Lost in Space? Vision-Language Models Struggle with Relative Camera Pose Estimation
This work highlights a critical limitation in grounding VLMs for 3D and multi-view spatial reasoning, which is important for applications in robotics and augmented reality, though it is incremental as it builds on existing benchmarks and diagnostic methods.
The paper tackled the problem of Vision-Language Models (VLMs) struggling with 3D spatial understanding by evaluating them on relative camera pose estimation, revealing that most VLMs fail to generalize beyond 2D heuristics, with state-of-the-art models like GPT-5 scoring 0.64 compared to geometric baselines at 0.97 and human performance at 0.92.
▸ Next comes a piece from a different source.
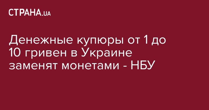 Национальный банк Украины постепенно заменит банкноты номиналами 1, 2, 5 и 10 гривен монетами соответствующих номиналов.

Vision-Language Models (VLMs) perform well in 2D perception and semantic reasoning compared to their limited understanding of 3D spatial structure. We investigate this gap using relative camera pose estimation (RCPE), a fundamental vision task that requires inferring relative camera translation and rotation from a pair of images. We introduce VRRPI-Bench, a benchmark derived from unlabeled egocentric videos with verbalized annotations of relative camera motion, reflecting realistic scenarios with simultaneous translation and rotation around a shared object. We further propose VRRPI-Diag, a diagnostic benchmark that isolates individual motion degrees of freedom. Despite the simplicity of RCPE, most VLMs fail to generalize beyond shallow 2D heuristics, particularly for depth changes and roll transformations along the optical axis. Even state-of-the-art models such as GPT-5 ($0.64$) fall short of classic geometric baselines ($0.97$) and human performance ($0.92$). Moreover, VLMs exhibit difficulty in multi-image reasoning, with inconsistent performance (best $59.7\%$) when integrating spatial cues across frames. Our findings reveal limitations in grounding VLMs in 3D and multi-view spatial reasoning.